Ältere Semester sowie Kulturinteressierte kennen die Neundlinger als Sängerin, Flötistin und Saxofonistin legendärer Bands aus Wien. Zu Beginn sang sie bei den Milestones, die mit dem Lied «Falter im Wind» beim Eurovision Song Contest 1972 in Edinburgh einen beachtlichen fünften Platz erreichten, später bei den Schmetterlingen, die ab 1976 das politische Lied in die hiesige Musiklandschaft nachhaltig einführten. Sie kennen sie vielleicht auch als Frau an der Seite ihres Musikerkollegen Willi Resetarits und Mutter gemeinsamer Kinder. Uns interessieren die weniger bekannten Seiten einer ungebrochen aktiven Frau, die heuer ihren 70. Geburtstag feiern wird.
«Ich war eine von vier Töchtern», erzählt die Zeitzeugin im Büro des Integrationshauses. Die Drittälteste oder Zweitjüngste von einem Wiener und einer Berlinerin – alles eine Frage der Perspektive. Ihre Eltern hatten sich im Jahr 1942 in Görings Reichsluftfahrtministerium in Berlin kennengelernt. Der Vater kämpfte als hochdekorierter Flieger auch um das eigene Überleben, die Mutter wollte nach dem Krieg nicht viel über ihre Tätigkeit in einer der Schaltzentralen der NS-Diktatur erzählen.
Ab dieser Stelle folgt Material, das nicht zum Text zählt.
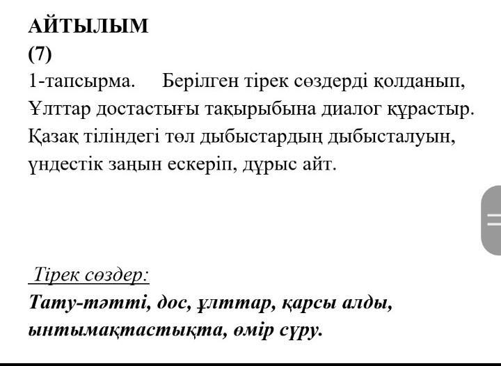 АЙТЫЛЫМ (7) 1-тапсырма. Берілген тірек сөздерді қолданып, Ұлттар достастығы тақырыбына диалог құрастыр. Қазақ тіліндегі төл дыбыстардың дыбысталуын, үндестік заңын ескеріп, дұрыс айт. Тірек сөздер: Тату-тәтті, дос, ұлттар, қарсы алды, ынтымақтастықта, өмір сүру.

«Ich war das Wiedersehenskind», sagt die Dritte im Bunde dann. Ihre beiden älteren Schwestern kamen noch in Berlin zur Welt, sie schon in Wien. Wenige Monate nachdem ihr Vater aus der englischen Kriegsgefangenschaft in Dänemark heimgekehrt war, machte sie sich auf den Weg. In ihrer Erinnerung spielt auch die Großmutter eine wesentliche Rolle: Die Oma, Jahrgang 1882 und lange in Berlin als Opernsängerin tätig, war nach dem Krieg mit der Tochter und ihrer Familie nach Wien übersiedelt. Man konnte eine Dienstwohnung des österreichischen Bundesheers am Arsenal beziehen. «Das Arsenal war für uns Kinder eine wunderbare Gstättn, auf der wir ganz viele Mutproben bestanden haben.»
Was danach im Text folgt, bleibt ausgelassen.